Tal fé — denominando-a assim em razão dos seus efeitos, mas de fato uma pseudo   fé — pode ser examinada quanto às suas condições e à sua origem.

Exteriormente, está vinculada ao mundo capitalista no qual os homens podem permitir-se essa espécie de luxo. E está ligada à semi-cultura. Tanto o homem primitivo, inculto, quanto o homem racional, culto, parecem inacessíveis a esses processos.

Os extraordinários êxitos na literatura, na afluência da clientela e no interesse, mesmo por parte de pessoas alheias a estes assuntos, produzem nos psicanalistas o júbilo e a certeza da vitória, embora eles, como os marxistas, constantemente se apresentem na atitude de prejudicados e perseguidos, e muitos tenham a tendência à revolta e à negação universal de tudo que é humano e não pertence ao seu círculo. Em face deste êxito, não podemos deixar de pens.ir que uma tão extensa e duradoura moda tem a sua razão de ser. Presumivelmente nela se contém um desejo verdadeiro, que é satisfeito de forma falsa.

Pode dizer-se que, em nossa época, um mundo humano transviado anseia por libertação. A psicanálise oferece-lhe uma libertação ilusória, tão falsa como este mundo humano mesmo, que nela se reflete. Aquela exigência de evadir-se do transvio é genuína. Uma resposta válida mediante uma ordem do mundo tal que, nela incluído, o homem se torne seguro de si, não existe em nossa época. Em lugar dessa ordem, o que há são violências, fanatismos, terrorismos. Como, em verdade, é possível esta ordem, por meio de um esclarecimento do ser, com uma realização na qual a Existência humana se cumpra plenamente e ascenda ao infinitamente aberto, — tal é a grande questão do nosso tempo. Enquanto durar a decadência, para esta questão só há resposta de indivíduo a indivíduo, partindo das profundezas do nosso fundamento humano e histórico. Mas instituir esta ordem de verdade é muito mais difícil do que descobrir o erro. Tanto quanto me é dado ver, no caminho da psicanálise só há soluções ilusórias.

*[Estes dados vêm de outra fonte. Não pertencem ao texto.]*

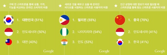 이번에 공개된 데이터에 따르면 전 세계에서 스마트폰 보급률이 가장 높은 10개 국가 중 5개, 스마트폰 보급률이 PC 보급률을 앞선 21개 국가 중 11개가 아태지역 국가인 것으로 나타났다. 또한 아태지역 소비자들은 스마트폰 활용에도 적극적이어서 새로운 것을 배우거나, 발견하거나, 시청하거나, 검색하거나, 구매하고 싶을 때 반사적으로 가장 가까운 기기, 즉 스마트폰을 통해 그러한 욕구를 바로 충족시키는 '마이크로 모먼츠(Micro-moments)'를 살고 있는 것으로 드러났다.
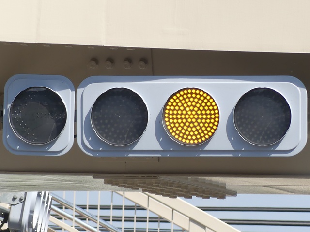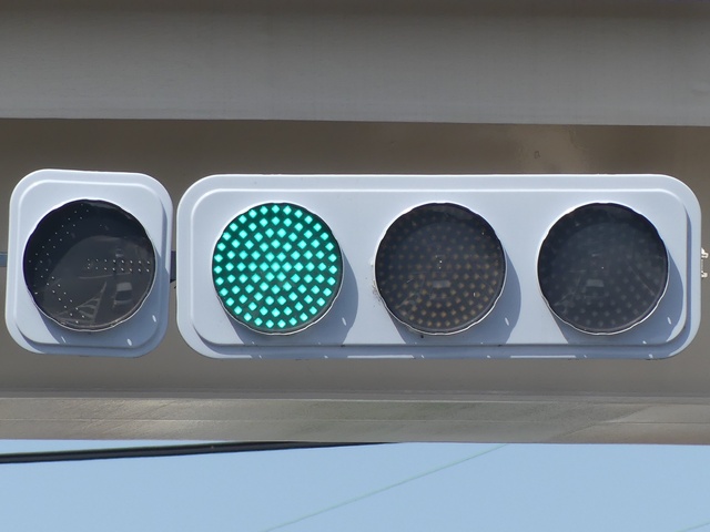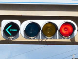 なお東進では、この灯器の左手前にある灯器には矢印灯器がなく、右折車線に大きな車両が停止すると矢印信号が見えなくなり、赤信号だけが見えます。
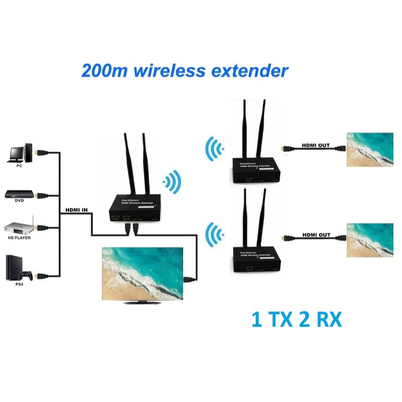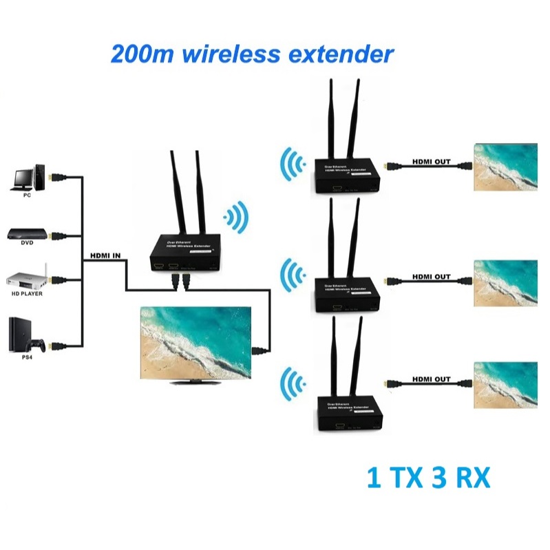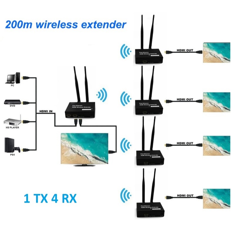 HDMI KVM Extender Wireless 200m Full HD Video Transmitter up to 4 Receiver
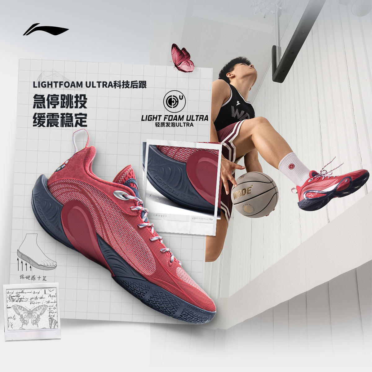 李宁韦德DLO1是一款专为实战设计的男子篮球鞋,灵感源自韦德系列,融合轻量化与高性能。鞋身采用透气网布材质,有效提升足部空气流通,保持干爽舒适。中底搭载李宁云缓震科技,提供出色的冲击吸收与回弹反馈,助力快速移动与跳跃落地。外底运用多向防滑纹路设计,增强抓地力,适应室内外多种场地。低帮造型兼顾灵活性与脚踝自由度,适合后卫及速度型球员。整体设计简约时尚,兼具实战性能与日常穿搭需求,是追求速度与稳定性的篮球爱好者的理想之选。

A psicanálise torna-se a realidade de uma atitude vital que — correspondendo à exigência da época — se concebe a si mesma cientificamente, e não como magia, come culto, ou como feitiço, mas, apesar disso, é magia em nova forma e perde a ciência verdadeira. Origina-se uma disposição tanto ao cepticismo universal, quanto, juntamente com isso, à aceitação de qualquer interpretação arbitrária, mais ou menos do seguinte modo: se a interpretação pelo recalque falhar, recorre-se a uma inconcebível biografia total como drama   de uma vida; se falhar também esta interpretação, surge algo assim como a doutrina indiana do Karma, relativa a um ato de liberdade pré-temporal  , a uma culpa proveniente da vida anterior, mais ou menos como se, por exemplo, o câncer tivesse que ser concebido como resultado de uma causa livre no próprio homem. Desta maneira, a psicanálise torna-se a desorganização da cientificidade.

Trata-se de um poderoso processo de auto-ilusão, condicionado pela nossa época, e que se faz por um enfeitiçamento dos homens, que nele encontram o conteúdo de sua vida, mas pela falsidade da origem são levados a cair em uma confusão irremediável, não apenas do seu saber mas da sua própria essência.

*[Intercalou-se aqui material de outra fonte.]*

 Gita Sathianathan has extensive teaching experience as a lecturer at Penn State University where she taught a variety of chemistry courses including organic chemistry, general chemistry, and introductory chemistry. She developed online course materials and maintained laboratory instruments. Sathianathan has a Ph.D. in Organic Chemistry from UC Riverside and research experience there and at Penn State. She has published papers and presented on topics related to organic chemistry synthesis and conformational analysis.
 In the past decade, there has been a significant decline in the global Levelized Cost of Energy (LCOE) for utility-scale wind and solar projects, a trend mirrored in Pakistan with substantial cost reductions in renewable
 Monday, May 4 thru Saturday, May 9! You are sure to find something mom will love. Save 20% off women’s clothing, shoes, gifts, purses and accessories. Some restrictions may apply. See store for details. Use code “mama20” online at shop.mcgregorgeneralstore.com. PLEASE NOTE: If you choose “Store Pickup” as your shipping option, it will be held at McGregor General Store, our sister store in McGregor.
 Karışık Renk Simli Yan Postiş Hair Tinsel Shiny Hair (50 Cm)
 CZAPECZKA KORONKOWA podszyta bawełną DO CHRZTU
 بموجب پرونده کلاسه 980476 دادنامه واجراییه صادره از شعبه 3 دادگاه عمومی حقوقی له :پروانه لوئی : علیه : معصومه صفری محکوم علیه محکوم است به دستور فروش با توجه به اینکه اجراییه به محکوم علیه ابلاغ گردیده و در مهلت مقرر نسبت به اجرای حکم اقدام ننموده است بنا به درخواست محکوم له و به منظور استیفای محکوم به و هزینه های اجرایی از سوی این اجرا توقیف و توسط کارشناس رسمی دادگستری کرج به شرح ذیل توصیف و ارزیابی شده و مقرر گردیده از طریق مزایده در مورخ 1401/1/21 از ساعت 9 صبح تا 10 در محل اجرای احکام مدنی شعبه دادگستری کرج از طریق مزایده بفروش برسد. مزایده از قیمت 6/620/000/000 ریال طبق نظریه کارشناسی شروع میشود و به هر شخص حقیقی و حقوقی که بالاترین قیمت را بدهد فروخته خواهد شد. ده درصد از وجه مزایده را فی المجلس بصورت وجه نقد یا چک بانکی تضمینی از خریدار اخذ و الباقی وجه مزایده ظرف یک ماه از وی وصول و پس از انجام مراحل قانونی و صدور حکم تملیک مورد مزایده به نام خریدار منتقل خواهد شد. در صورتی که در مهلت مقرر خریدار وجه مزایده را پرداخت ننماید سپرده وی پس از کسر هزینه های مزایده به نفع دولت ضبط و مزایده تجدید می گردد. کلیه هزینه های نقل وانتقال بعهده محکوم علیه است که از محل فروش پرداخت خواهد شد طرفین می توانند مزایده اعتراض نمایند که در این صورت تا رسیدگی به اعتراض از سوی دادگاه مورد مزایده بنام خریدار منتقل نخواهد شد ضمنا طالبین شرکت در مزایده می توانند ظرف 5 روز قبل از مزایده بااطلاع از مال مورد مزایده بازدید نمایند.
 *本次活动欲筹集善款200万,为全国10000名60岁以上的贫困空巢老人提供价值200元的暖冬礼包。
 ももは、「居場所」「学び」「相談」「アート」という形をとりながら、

A clareza da nossa atitude científica somente é assegurada pela reflexão metodológica. Esta reflexão nos conduz a distinguir, de um lado, os múltiplos modos do conhecimento científico, e, de outro, os métodos filosóficos de pensar. Este é um campo vasto e essencial para o estudo e a reflexão.

Desejaria indicar aqui apenas uma ideia fundamental, coisa simples, mas que, sendo compreendida, acarreta uma transformação do sentido de todo o nosso saber. É a ideia seguinte:

Todo conhecimento no mundo refere-se a objetos particulares, é adquirido com métodos definidos a partir de pontos de vista definidos. Daí ser falso fazer de qualquer saber um saber total e dar-lhe caráter absoluto.

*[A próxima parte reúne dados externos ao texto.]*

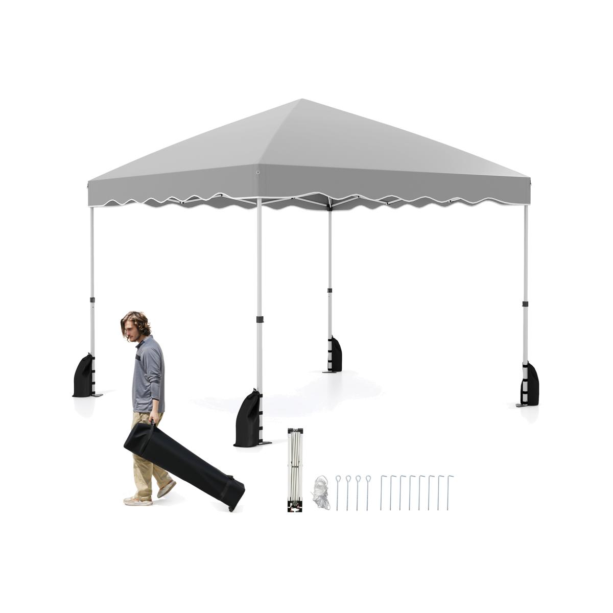 Our pop up canopy tent measures 300 x 300 x 266/276/286 cm (L x W x H), complete with a 3-level adjustable height, perfect for various outdoor activities such as commercial events, camping, festivals, tailgating, and backyard gatherings. It boasts a convenient pop-up structure, making setup and takedown a breeze, requiring no additional tools. When not in use, you can easily collapse it and store it in the portable wheeled storage bag, allowing for easy movement. Foldable Patio Canopy Tent - Grey
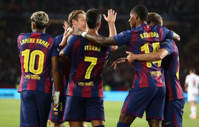 本场比赛,巴萨派出首发的阵容:25-什琴斯尼、3-巴尔德、4-阿劳霍、23-孔德、24-埃里克·加西亚、16-费尔明、17-卡萨多、21-德容、7-费兰、10-亚马尔、14-拉什福德 开场不到20分钟,两队打进三球,场面疯狂对攻。
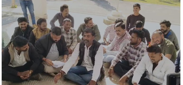 सागर: करणी सैनिकों ने एसपी कार्यालय के बाहर कीर्तन कर जताया विरोध
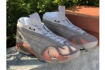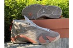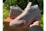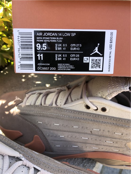 Developed in partnership with Edison Chen’s streetwear brand, the CLOT x Air Jordan 14 Retro Low ‘Terracotta’ is the follow-up effort to the Air Jordan 13 Low ‘Terracotta’ from 2018. Like its predecessor, the low-top features a tan suede upper with embossed detailing that mimics protective armor — a nod to the thousands of life-size clay soldiers buried alongside the first emperor of China. Mismatched Jordan and CLOT branding adorns the tongue, designed to mimic an unfurled ancient scroll. Hanging off the heel is red Chinese knot, the end of which is threaded through a coin that’s stamped with a Chinese idiom for prosperity and happiness.

Este erro, porém, resulta de uma ilusão que sempre nos é natural, que consiste em considerar, em cada caso, o ser do objeto conhecido como o ser absoluto, em considerar as coisas como coisas em si, o objeto como o Ser mesmo. Temos que nos arrancar, como por uma operação cirúrgica, a esta obnubilação, que tem lugar justamente no caso do conhecimento mais exato, quando confundimos o seu sentido de orientação particular no mundo (por força do saber irrecusável daquilo que se tornou objeto para nós) com o conhecimento do Ser mesmo. Temos que nos arrancar, por meio de uma operação filosófica fundamental do acorrentamento aos objetos, para nos lançarmos no Envolvente.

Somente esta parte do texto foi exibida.